Task description
Drop the pictures, then extract the listing word for word.

Data provided
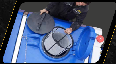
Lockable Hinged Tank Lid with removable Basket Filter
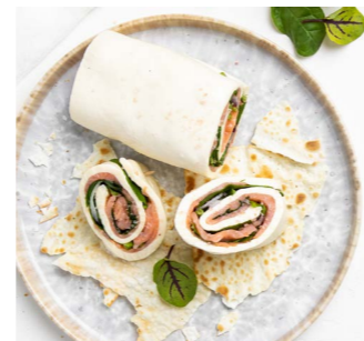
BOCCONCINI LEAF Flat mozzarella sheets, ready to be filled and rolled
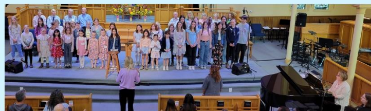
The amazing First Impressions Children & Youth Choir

Response for this exercise
Lockable Hinged Tank Lid with removable Basket Filter
BOCCONCINI LEAF Flat mozzarella sheets, ready to be filled and rolled
The amazing First Impressions Children & Youth Choir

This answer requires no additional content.